What Google is saying is "We envision a future where most of people's daily computer usage can be done entirely online." Not professional image editing, or publishing, or recording an album. But chatting, checking email/wave, taking notes, whipping up a spreadsheet to analyze data, posting to websites for help, reading the news and researching can be done that way.

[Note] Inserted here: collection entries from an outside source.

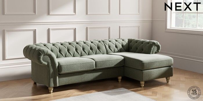 7.2.10 Gosford II Deep Sit Medium Sofa Chaise - Right Hand Chunky Texture Mid Forest Green Low Turned - Light | Made Click here to use our website with more accessibility support, for example screen readers
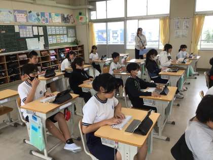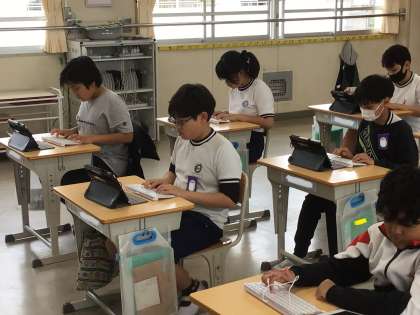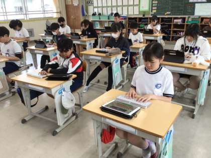 6年生のタイピングの授業の様子です。ブラインドタッチの基本となることを学び、スムーズにタイピングできるように練習をしました。
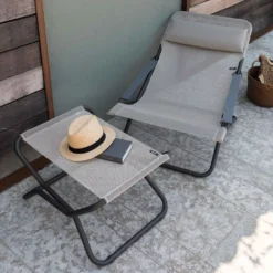 Er lässt sich in 3 verschiedenen Positionen verstellen, inklusive der Liegefunktion zum „Sonnenbaden“. Festgestellt wird die Position mit einem widerstandsfähigen Karabinerhakensystem. Die Armlehnen aus verstärktem Gewebe und die Bodenschoner sorgen für zusätzlichen Komfort. Der Lafuma Transabed hat zudem ein verstellbares und abnehmbares Kopfpolster und braucht wenig Platz im geklappten Zustand. Der Bezug ist ebenfalls abnehmbar.

But WHY? Why would anyone go for Chrome OS instead of a regular old laptop? Because, like me, they're tired of it. They'd be happy to have desktop at home and a laptop at work and a cell phone in their pocket. But how the heck do you get the contact on your cell phone into your work and home computers? Do you install sync software everywhere and sync all the time? You have an idea in the car, but it belongs in the notebook on your desktop at home...how do you manage that, easily, seamlessly? Or, as Google points out, you lose the device. The photo you took with your phone or your webcam is now lost. My GPS doesn't store where I drove and sync with my camera in my phone to associate photos with places, and merging those two and getting them online to send to my family is a huge pain. Because these devices all operate in a mode that is fundamentally local and only incidentally networked. Data syncing is a pain, and it prevents us from buying lots of different devices that are meant for use in all kinds of situations. Sure, the cloud is available on these devices, but it's not the /standard/. Gadgets don't scale, and it's not because of technology, it's because of a barrier in how people think about gadgets.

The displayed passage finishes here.